* DIRECTIONS *
Copy exactly the lines of the material below that fall between the line with "mit Reißverschluss |" and the line with "Du bist auf", both of those lines included; pictures stay out.

* MATERIAL SHOWN *
=== Section Start ===
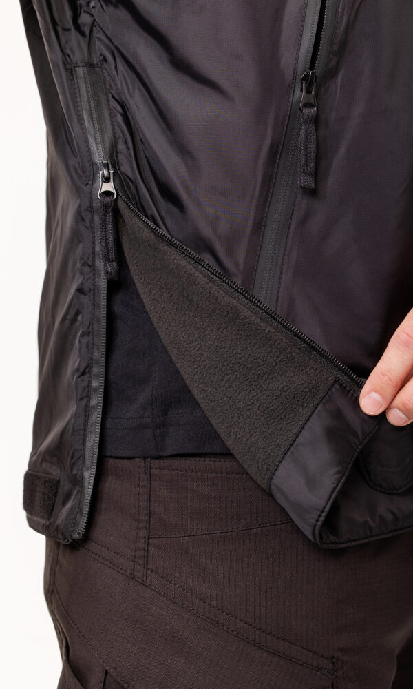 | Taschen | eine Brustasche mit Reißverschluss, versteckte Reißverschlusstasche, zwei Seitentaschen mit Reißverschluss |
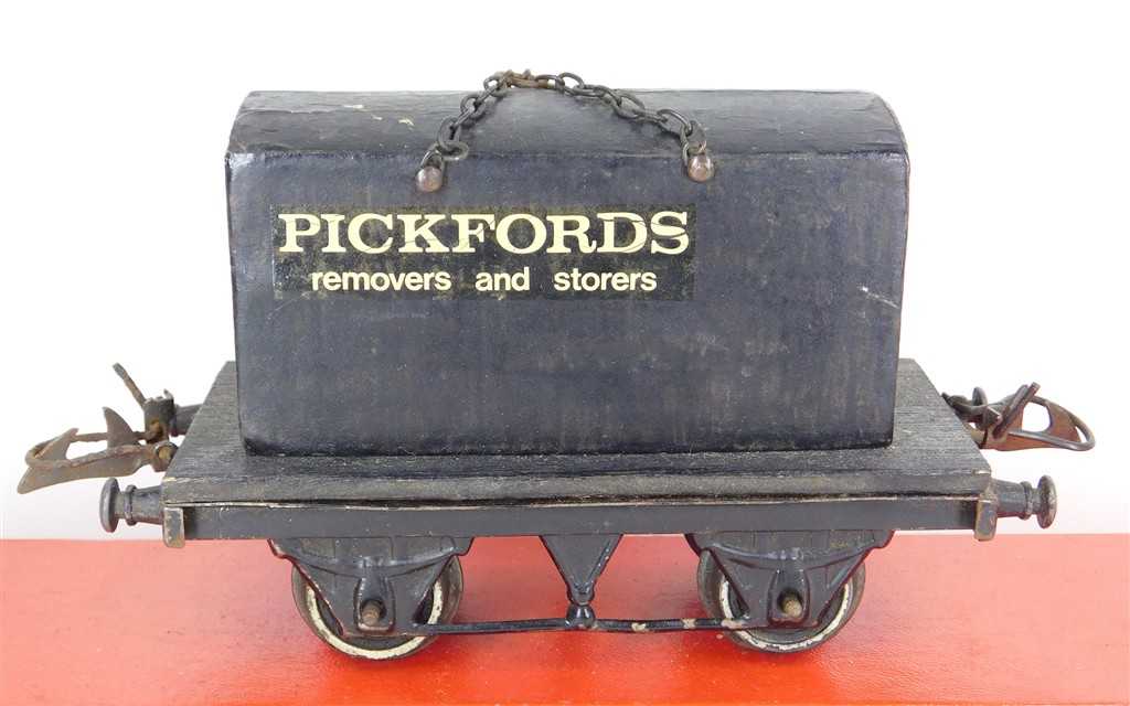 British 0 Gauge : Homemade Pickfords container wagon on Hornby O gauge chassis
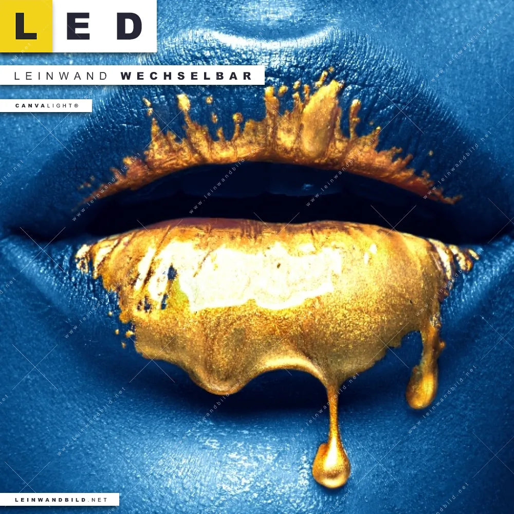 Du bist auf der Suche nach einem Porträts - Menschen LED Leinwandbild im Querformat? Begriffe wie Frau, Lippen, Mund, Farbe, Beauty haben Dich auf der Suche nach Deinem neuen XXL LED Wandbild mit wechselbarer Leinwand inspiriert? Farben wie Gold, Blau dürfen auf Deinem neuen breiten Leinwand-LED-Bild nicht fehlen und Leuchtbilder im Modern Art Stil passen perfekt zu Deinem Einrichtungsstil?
=== Section End ===
=== Section Start ===
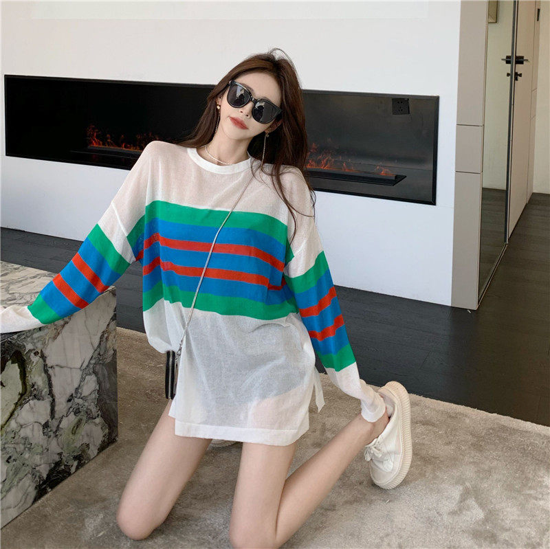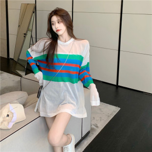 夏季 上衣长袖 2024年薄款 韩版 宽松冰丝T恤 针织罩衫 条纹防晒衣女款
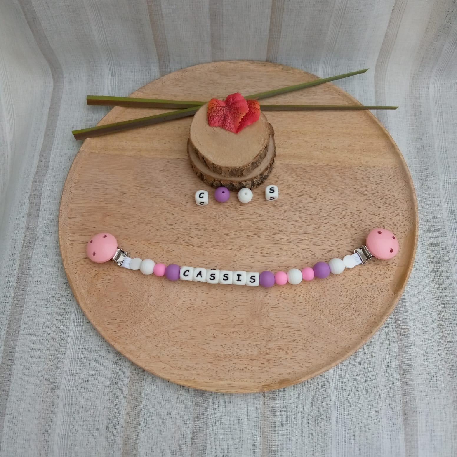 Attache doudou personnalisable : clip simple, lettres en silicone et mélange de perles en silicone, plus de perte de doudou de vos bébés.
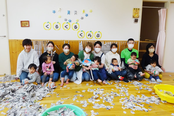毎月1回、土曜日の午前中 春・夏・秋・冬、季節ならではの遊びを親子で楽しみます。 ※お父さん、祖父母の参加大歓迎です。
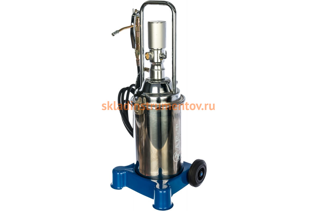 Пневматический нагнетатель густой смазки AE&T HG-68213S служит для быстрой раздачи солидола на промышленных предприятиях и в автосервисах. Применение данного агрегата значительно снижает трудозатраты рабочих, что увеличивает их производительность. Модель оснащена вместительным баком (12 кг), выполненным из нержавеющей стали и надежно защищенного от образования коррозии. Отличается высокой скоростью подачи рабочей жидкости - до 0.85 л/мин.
=== Section End ===
=== Section Start ===
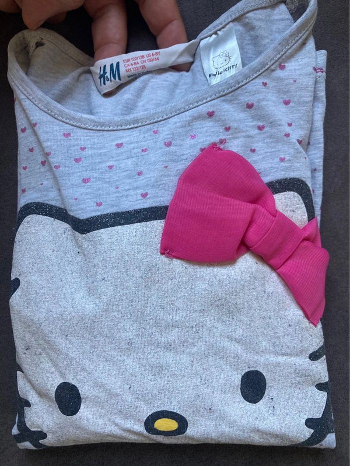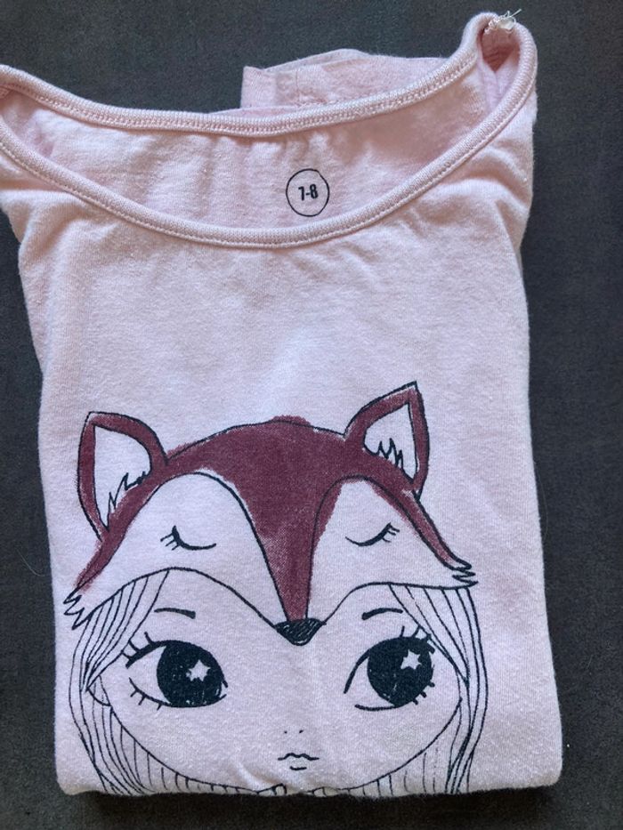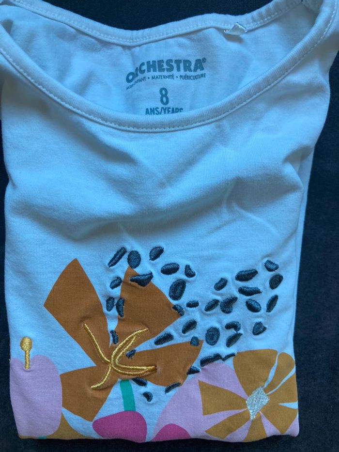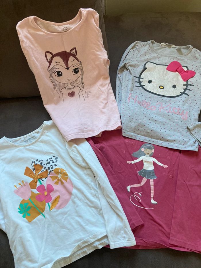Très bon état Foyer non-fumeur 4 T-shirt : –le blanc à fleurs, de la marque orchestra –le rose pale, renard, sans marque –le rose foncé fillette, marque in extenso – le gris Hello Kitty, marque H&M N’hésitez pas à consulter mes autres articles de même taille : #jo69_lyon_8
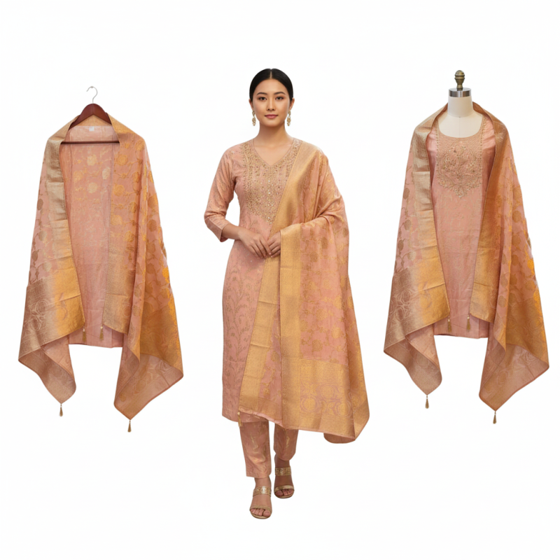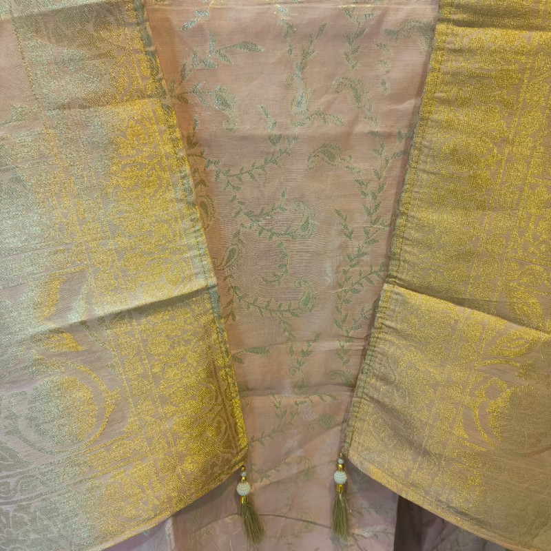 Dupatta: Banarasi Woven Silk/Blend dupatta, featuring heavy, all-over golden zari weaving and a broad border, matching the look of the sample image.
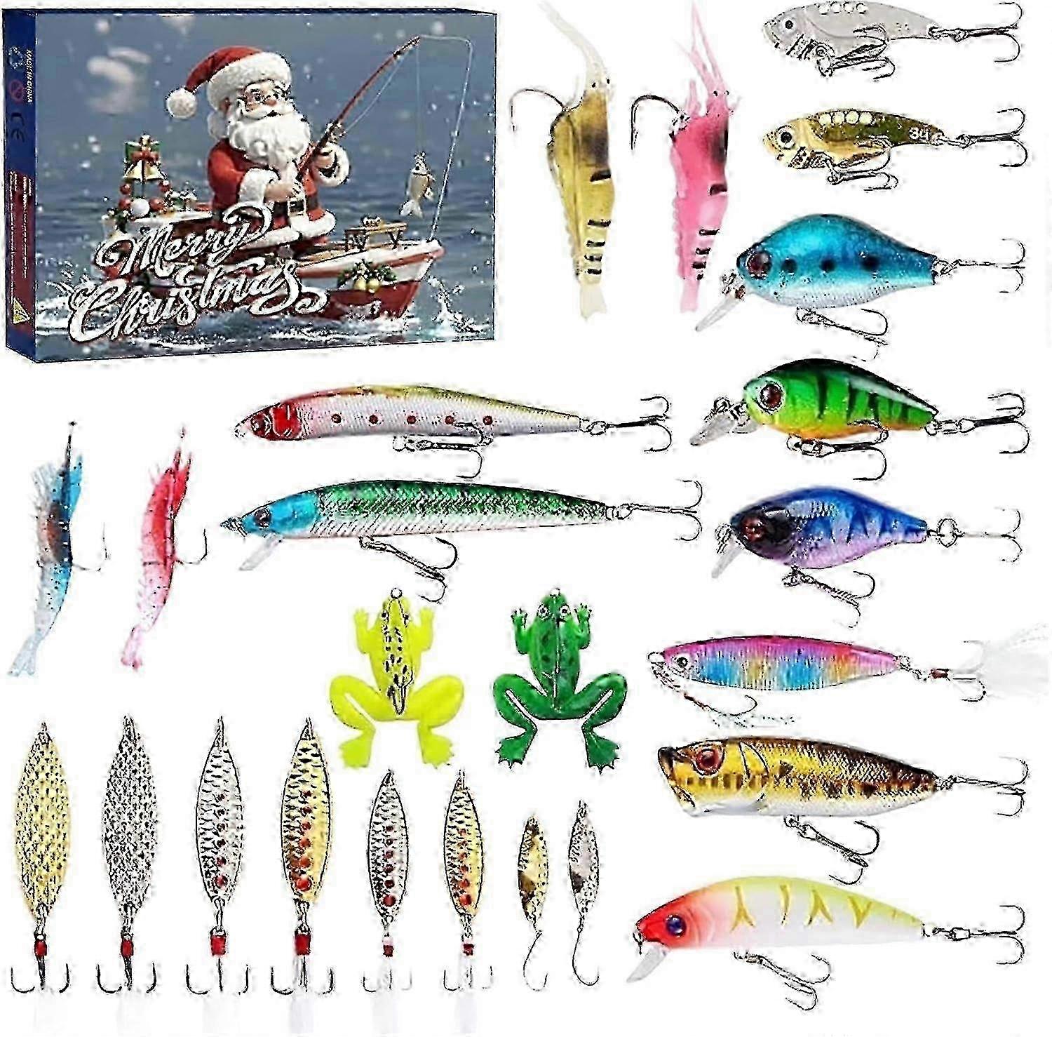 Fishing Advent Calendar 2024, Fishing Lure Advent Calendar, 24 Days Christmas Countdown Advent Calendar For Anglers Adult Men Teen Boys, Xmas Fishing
=== Section End ===
* RESULT FOR THIS EXERCISE *
 | Taschen | eine Brustasche mit Reißverschluss, versteckte Reißverschlusstasche, zwei Seitentaschen mit Reißverschluss |
 British 0 Gauge : Homemade Pickfords container wagon on Hornby O gauge chassis
 Du bist auf der Suche nach einem Porträts - Menschen LED Leinwandbild im Querformat? Begriffe wie Frau, Lippen, Mund, Farbe, Beauty haben Dich auf der Suche nach Deinem neuen XXL LED Wandbild mit wechselbarer Leinwand inspiriert? Farben wie Gold, Blau dürfen auf Deinem neuen breiten Leinwand-LED-Bild nicht fehlen und Leuchtbilder im Modern Art Stil passen perfekt zu Deinem Einrichtungsstil?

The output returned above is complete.